Visiblement, l'étude du specimen Tom Kaulitz les intéresse moins que les derniers ragots des écuries voisines. Elles reprennent activement leur bla-bla. J'hésite entre les deux. Je choisis d'aborder le guitariste aux airs d'autiste. Je pousse ma chaise longue vers lui. Aucune réaction.

Je me demandais de quel nom latin on pourrait affubler l'animal vautré à mes côtés, quand il coupa la musique.

A présent, on entend juste les vaguelettes de la piscine, et le vent dans les palmiers. Les trois gars faisaient la planche dans la piscine, visiblement en pleine méditation, les yeux rivés sur les étoiles. Je tourne la tête, me demandant à quel autre comportement primitif mon voisin de chaise longue allait se livrer. Au fond il me fait bien rire. C'est plus distrayant que les "dvd-party" de Mathieu.

"Alors comme ça, tu monte à cheval ?"
Il s'était lancé, courageusement.
"Faut croire ! Tu dois trouver ça super ringard, non ?"
En disant ça, je le regarde : il a baissé son casque autour de son cou, et il m'observe lui aussi, comme dans la chambre tout à l'heure.
"Non ! Au contraire, ça peut être super utile de savoir chevaucher !" répond-il.
"On me l'a déjà faite, merci." Je suis vexée, moi qui pensait qu'il s'intéressait sincèrement à ma passion.
Il s'aperçoit de ma déception, et il me balance une grosse claque sur l'épaule :
"Oh, allez ! T'aime pas les blagues ?" Il affiche un grand sourire.
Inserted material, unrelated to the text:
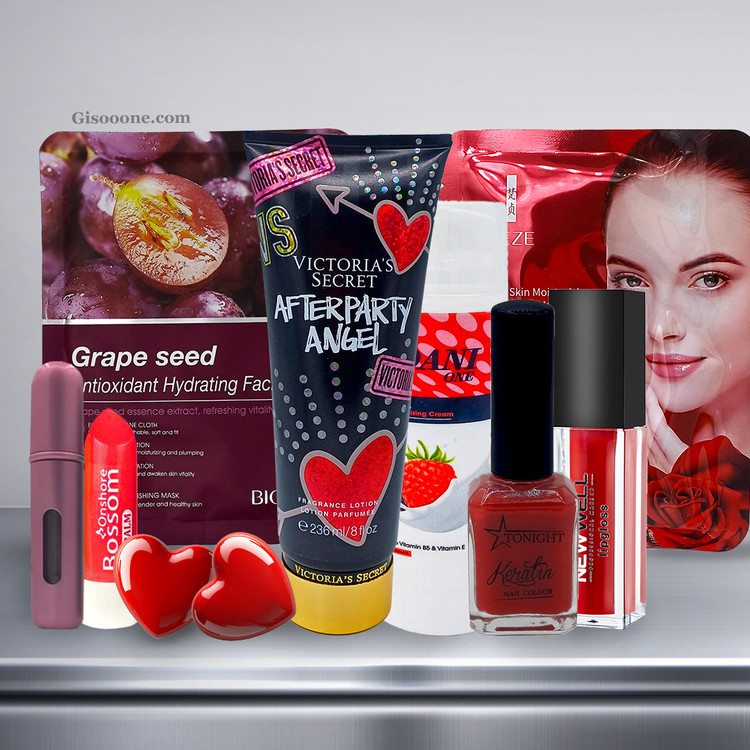 ماسک ورقه ای انگور سیاه برند بیو آکوا ، ماسک صورت ورقه ای سیب قرمز برند ونزن ، لوسیون بدن ویکتوریا سکرت ، کرم مرطوب کننده دنی وان ، بالم لب بوسوم ، خط چشم رنگی قرمز برند هندایان ، بادی میست برند شی ، رژلب مایع مات قرمز برند نیوول
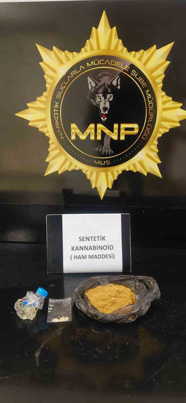 Muş İl Emniyet Müdürlüğü Narkotik Suçlarla Mücadele Şube Müdürlüğü ekiplerince kent merkezinde yapılan kontrollerde sentetik kannabinoid ve uyuşturucu madde yapımında kullanılan malzemeler ele geçirildi.

Visiblement il est très fier de son humour.
Je me contente de crier "Aïe", en le regardant avec un air de reproche. Quelle brute !

Je me lève : en fait je m'ennuie quand même. Mathieu sort de la piscine, dégoulinant, et demande si "Mamy Anouk" va déjà se coucher.
"Je ferai peut-être une nuit blanche quand Tom saura discuter avec moi sans tenter de me casser le bras." répondis-je.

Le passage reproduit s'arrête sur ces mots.